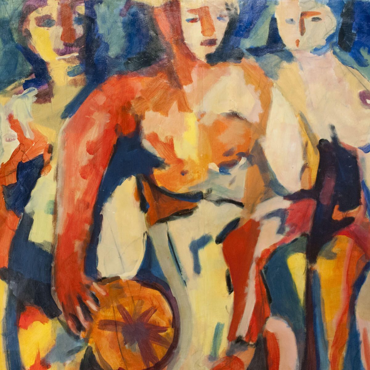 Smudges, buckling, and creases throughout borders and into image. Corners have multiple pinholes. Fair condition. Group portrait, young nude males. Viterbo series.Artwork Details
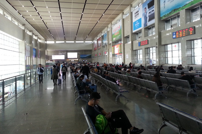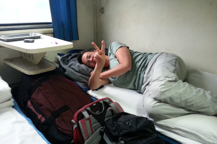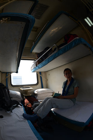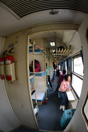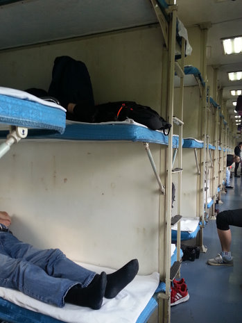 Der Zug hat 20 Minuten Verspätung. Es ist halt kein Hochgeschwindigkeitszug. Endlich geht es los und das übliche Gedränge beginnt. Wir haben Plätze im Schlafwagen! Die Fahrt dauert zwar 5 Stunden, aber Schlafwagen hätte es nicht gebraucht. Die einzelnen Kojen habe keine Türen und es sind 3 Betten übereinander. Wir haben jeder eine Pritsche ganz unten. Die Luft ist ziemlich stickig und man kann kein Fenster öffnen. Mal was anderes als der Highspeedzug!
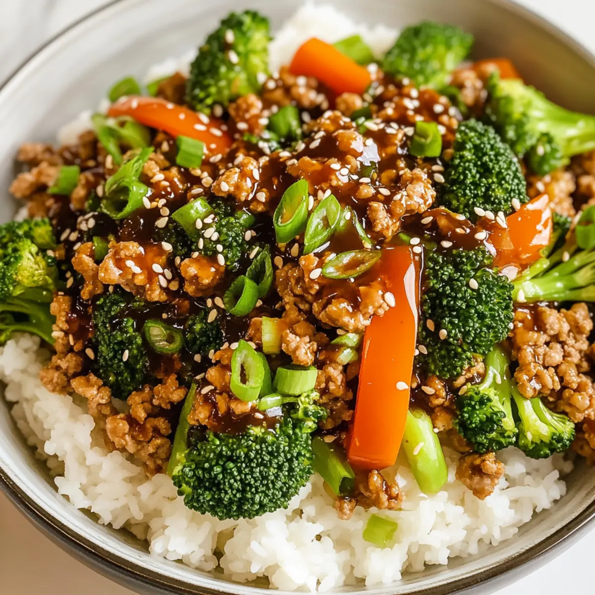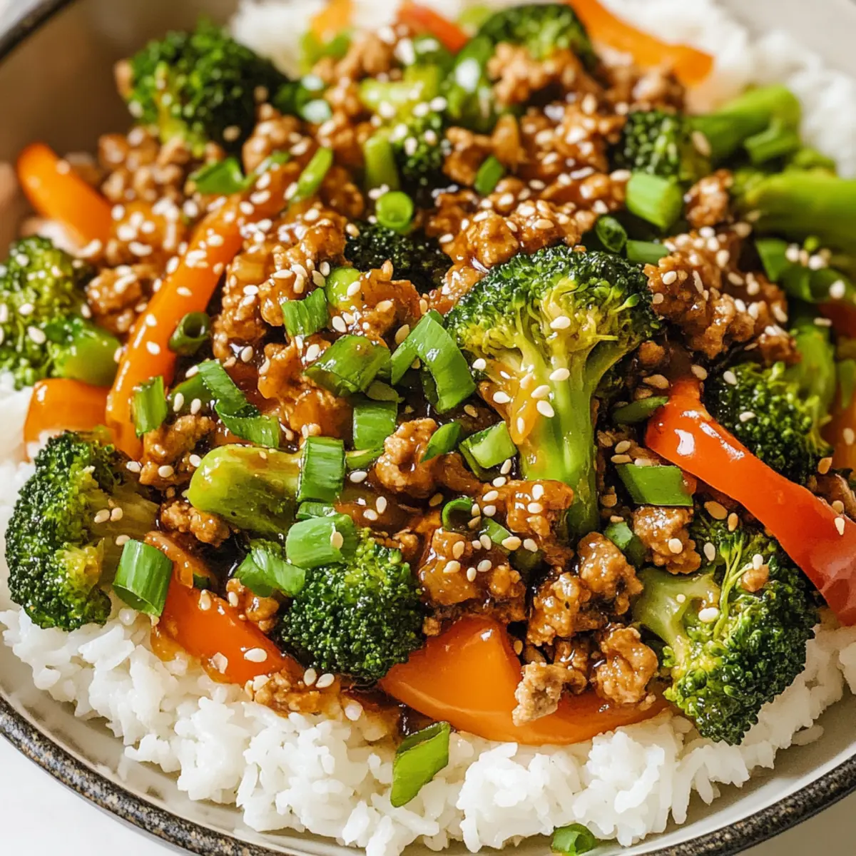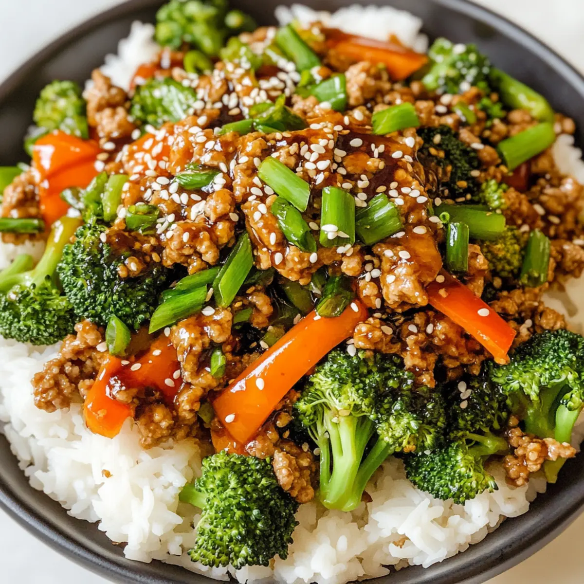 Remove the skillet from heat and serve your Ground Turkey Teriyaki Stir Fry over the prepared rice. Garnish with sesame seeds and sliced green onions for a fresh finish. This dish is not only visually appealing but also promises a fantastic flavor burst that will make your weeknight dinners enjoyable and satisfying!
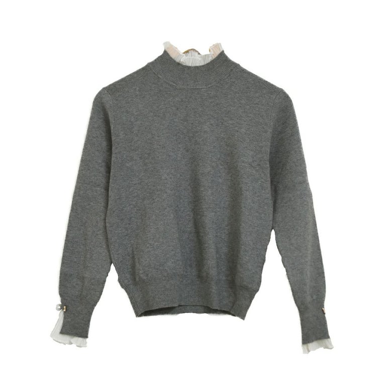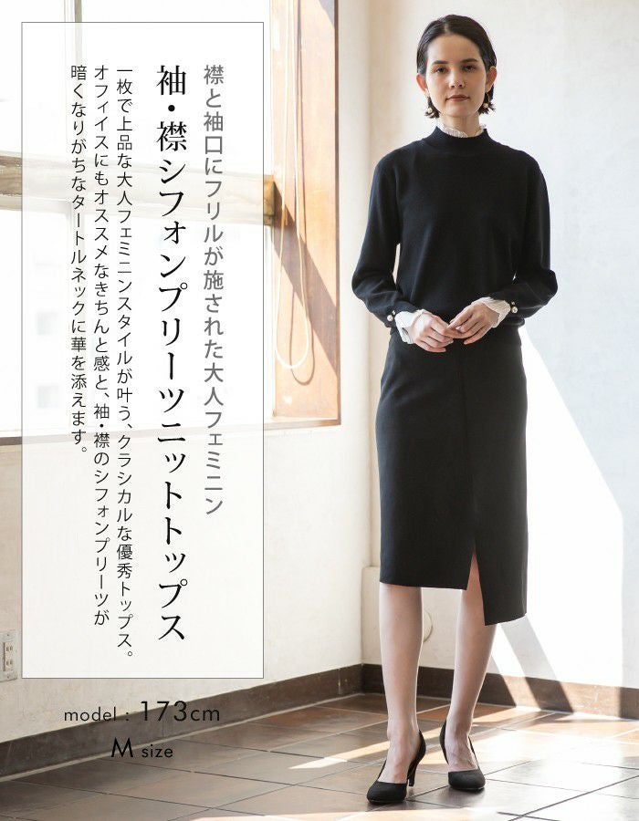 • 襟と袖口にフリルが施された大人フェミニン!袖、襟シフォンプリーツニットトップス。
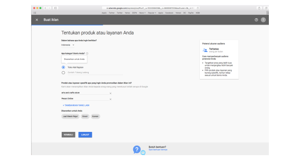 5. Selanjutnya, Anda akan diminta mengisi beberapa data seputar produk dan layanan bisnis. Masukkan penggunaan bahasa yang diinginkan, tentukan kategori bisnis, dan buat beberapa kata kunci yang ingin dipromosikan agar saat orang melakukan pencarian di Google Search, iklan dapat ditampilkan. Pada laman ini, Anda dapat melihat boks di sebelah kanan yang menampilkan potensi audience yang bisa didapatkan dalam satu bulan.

| EXERCISE OBJECTIVE |
Leave out the pictures. Transcribe only the lines above, from the first through the one that contains "Der Zug hat".

| FINISHED TASK |
 Smudges, buckling, and creases throughout borders and into image. Corners have multiple pinholes. Fair condition. Group portrait, young nude males. Viterbo series.Artwork Details
 Der Zug hat 20 Minuten Verspätung. Es ist halt kein Hochgeschwindigkeitszug. Endlich geht es los und das übliche Gedränge beginnt. Wir haben Plätze im Schlafwagen! Die Fahrt dauert zwar 5 Stunden, aber Schlafwagen hätte es nicht gebraucht. Die einzelnen Kojen habe keine Türen und es sind 3 Betten übereinander. Wir haben jeder eine Pritsche ganz unten. Die Luft ist ziemlich stickig und man kann kein Fenster öffnen. Mal was anderes als der Highspeedzug!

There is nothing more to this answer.